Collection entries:
=======
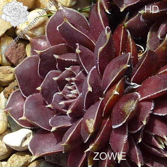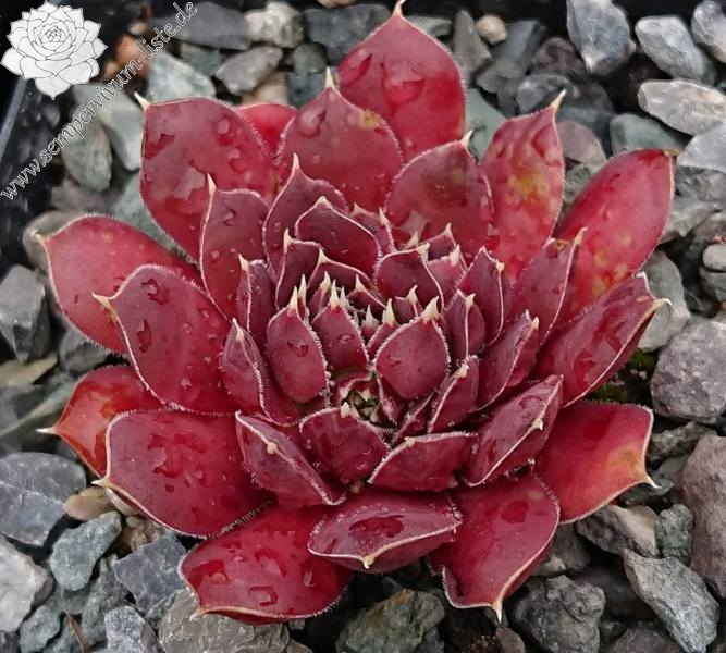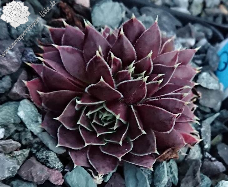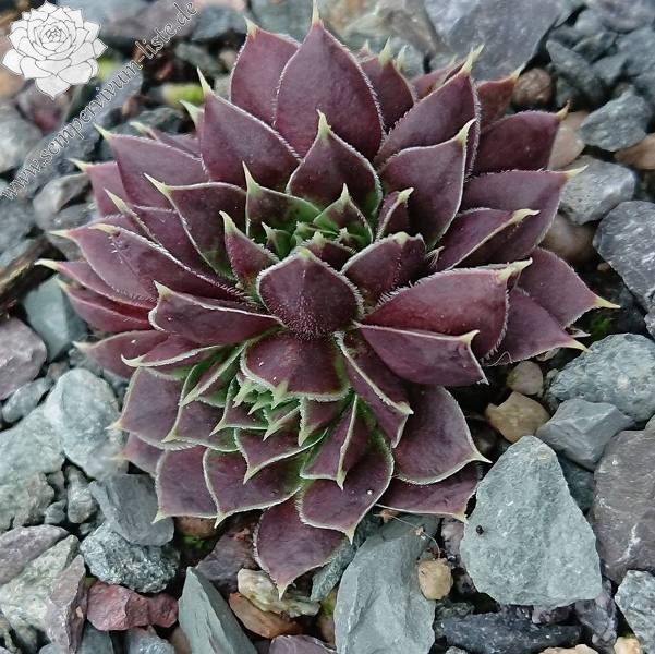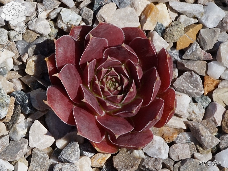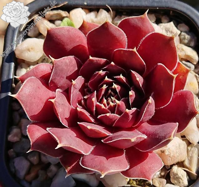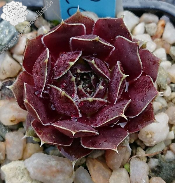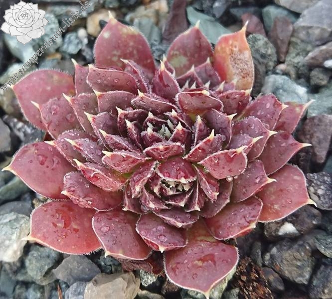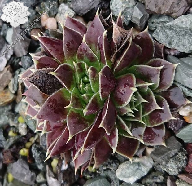 kleine Rosetten, Blätter breit keilförmig, kurz bespitzt, weinrot - purpurrot, Blattränder hell
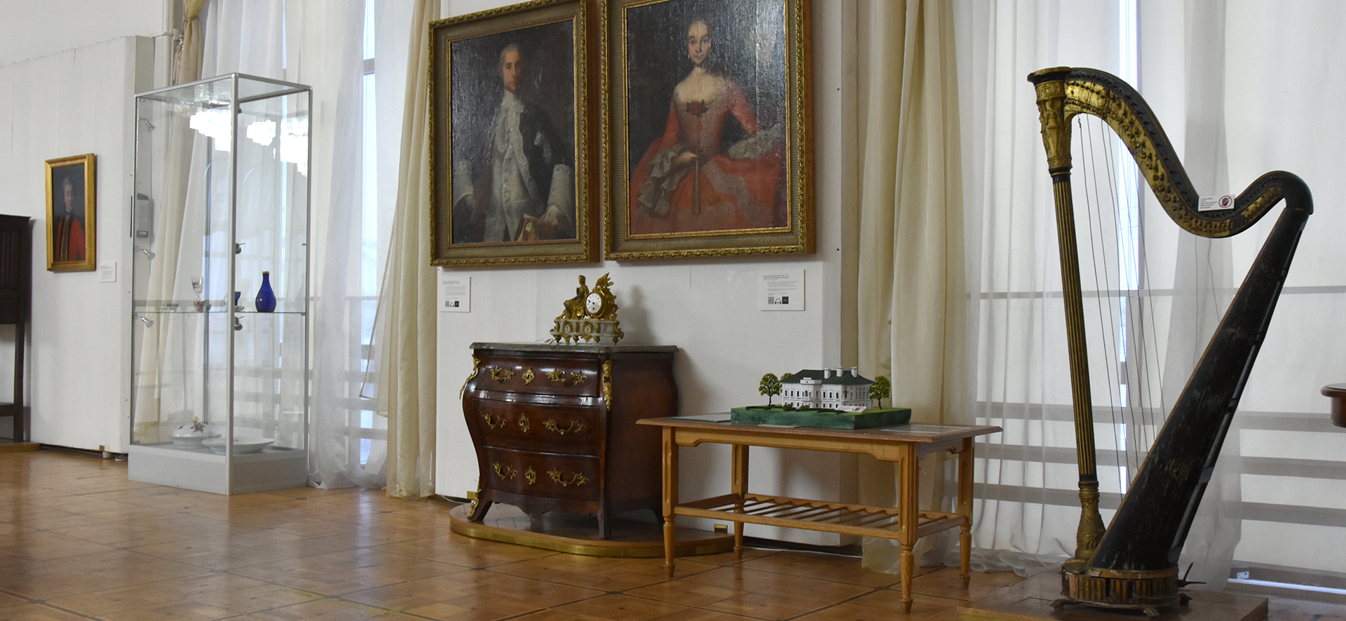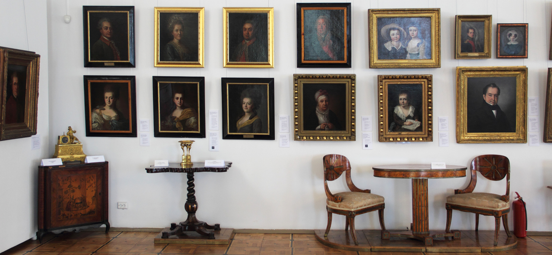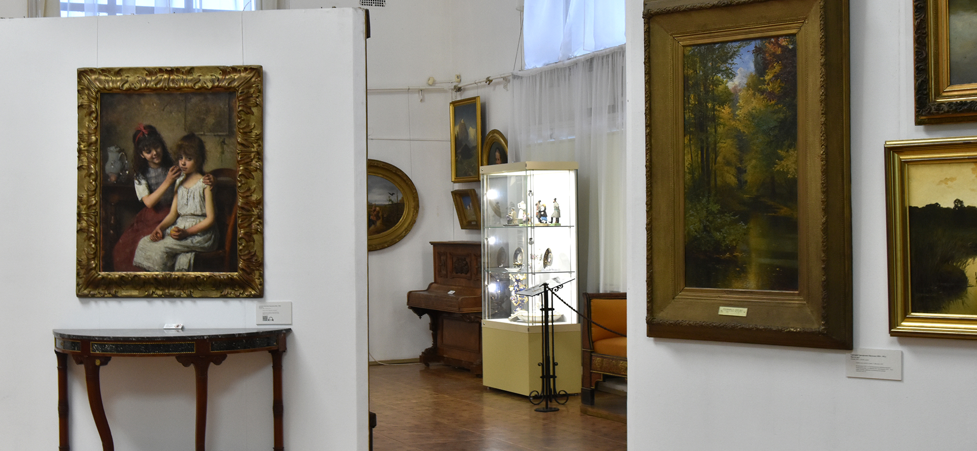 В экспозиции находятся лучшие произведения из наиболее полно представленных в музейном собрании усадебных картинных галерей: Мусиных-Пушкиных, Тишининых, Лихачёвых, Михалковых, среди которых есть работы известных русских художников 18 в. – И.Вишнякова «Портреты Н.Тишинина, К.Тишининой», Ф.Рокотова «Портрет Е.А.Мусиной-Пушкиной», Е.Камяженкова «Портреты Я.Лихачева, В.Лихачева» и др. Искусство 1-ой половины 19 века представлено академическими пейзажами Ф.Матвеева «Вид в Италии», «Водопад», жанровой и портретной живописью В.Лучанинова «Благословение ополченца», Д.Доу «Портрет Александра I», Ш.Митуара «Портрет госпожи Альбрехт» и др. Значительную часть собрания составляют произведения художников-передвижников 2-й половины 19 века – жанровая живопись А.Корзухина «Девочка», В.Маковского «Два малоросса», А.Попова «Спор», отражающая остро-социальные проблемы своего времени, реалистические пейзажи И.Шишкина, Г.Мясоедова, Н.Пимоненко, раскрывающие неброскую красоту русской и украинской природы. Небольшой раздел русского искусства конца 19 – начала 20 веков представлен известными работами З.Серебряковой «Автопортрет с дочерьми», П.Кончаловского «Хлебы на фоне подноса», С.Жуковского «Подснежники», И.Бродского «Фейерверк» и другими. Дополняют экспозицию бронзолитейная скульптура П.Клодта «Юноша, укрощающий коня», Е.Лансере «Киргизский табун на водопое», произведения декоративно-прикладного искусства – мебель, выполненная русскими и зарубежными мастерами 18–19 веков, а также коллекция русского фарфора 18-19 веков.
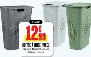 En plus de l'offre Coffre à linge 'pixel', L'incroyable propose une large gamme de produits. Consultez le Catalogue L'incroyable hebdomadaire pour découvrir les meilleures offres et promotions. En plus de Coffre à linge 'pixel', il y a aussi : Coffre à linge, Curver coffre à linge 56l softex & Pixel panier 1,5 L.
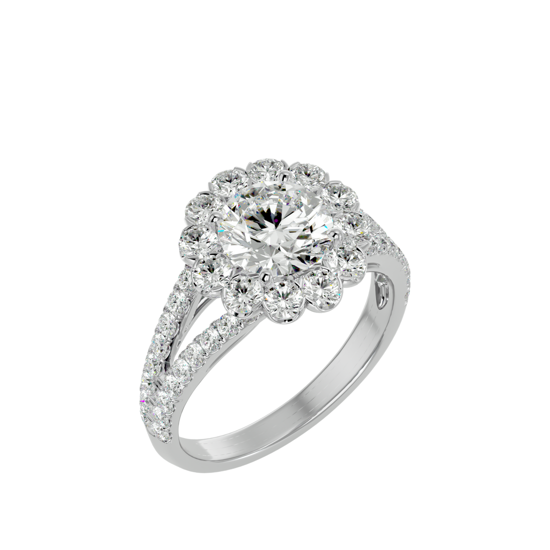 Embrace nature-inspired beauty with this ring, showcasing a floral halo and accented with a split...
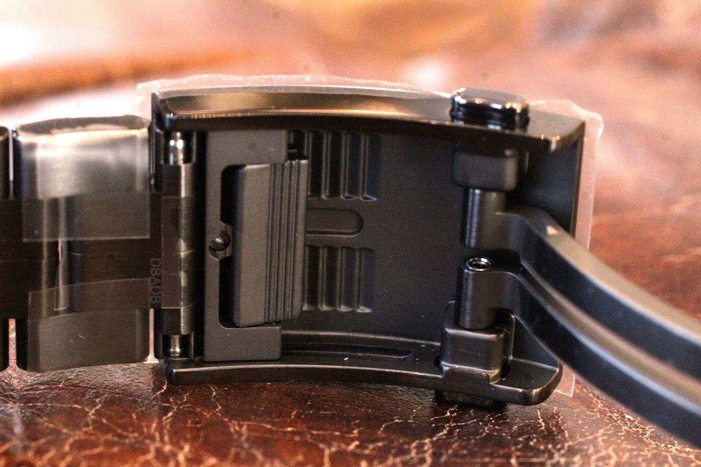 今回のモデルはケース、ブレスレットなど全ての外装パーツがDLCコーティングの特別仕様です。
=======
WORK REQUEST:
Your copy should hold every entry exactly as written, but none of the pictures.

RESULT OF THE EXERCISE:
 kleine Rosetten, Blätter breit keilförmig, kurz bespitzt, weinrot - purpurrot, Blattränder hell
 В экспозиции находятся лучшие произведения из наиболее полно представленных в музейном собрании усадебных картинных галерей: Мусиных-Пушкиных, Тишининых, Лихачёвых, Михалковых, среди которых есть работы известных русских художников 18 в. – И.Вишнякова «Портреты Н.Тишинина, К.Тишининой», Ф.Рокотова «Портрет Е.А.Мусиной-Пушкиной», Е.Камяженкова «Портреты Я.Лихачева, В.Лихачева» и др. Искусство 1-ой половины 19 века представлено академическими пейзажами Ф.Матвеева «Вид в Италии», «Водопад», жанровой и портретной живописью В.Лучанинова «Благословение ополченца», Д.Доу «Портрет Александра I», Ш.Митуара «Портрет госпожи Альбрехт» и др. Значительную часть собрания составляют произведения художников-передвижников 2-й половины 19 века – жанровая живопись А.Корзухина «Девочка», В.Маковского «Два малоросса», А.Попова «Спор», отражающая остро-социальные проблемы своего времени, реалистические пейзажи И.Шишкина, Г.Мясоедова, Н.Пимоненко, раскрывающие неброскую красоту русской и украинской природы. Небольшой раздел русского искусства конца 19 – начала 20 веков представлен известными работами З.Серебряковой «Автопортрет с дочерьми», П.Кончаловского «Хлебы на фоне подноса», С.Жуковского «Подснежники», И.Бродского «Фейерверк» и другими. Дополняют экспозицию бронзолитейная скульптура П.Клодта «Юноша, укрощающий коня», Е.Лансере «Киргизский табун на водопое», произведения декоративно-прикладного искусства – мебель, выполненная русскими и зарубежными мастерами 18–19 веков, а также коллекция русского фарфора 18-19 веков.
 En plus de l'offre Coffre à linge 'pixel', L'incroyable propose une large gamme de produits. Consultez le Catalogue L'incroyable hebdomadaire pour découvrir les meilleures offres et promotions. En plus de Coffre à linge 'pixel', il y a aussi : Coffre à linge, Curver coffre à linge 56l softex & Pixel panier 1,5 L.
 Embrace nature-inspired beauty with this ring, showcasing a floral halo and accented with a split...
 今回のモデルはケース、ブレスレットなど全ての外装パーツがDLCコーティングの特別仕様です。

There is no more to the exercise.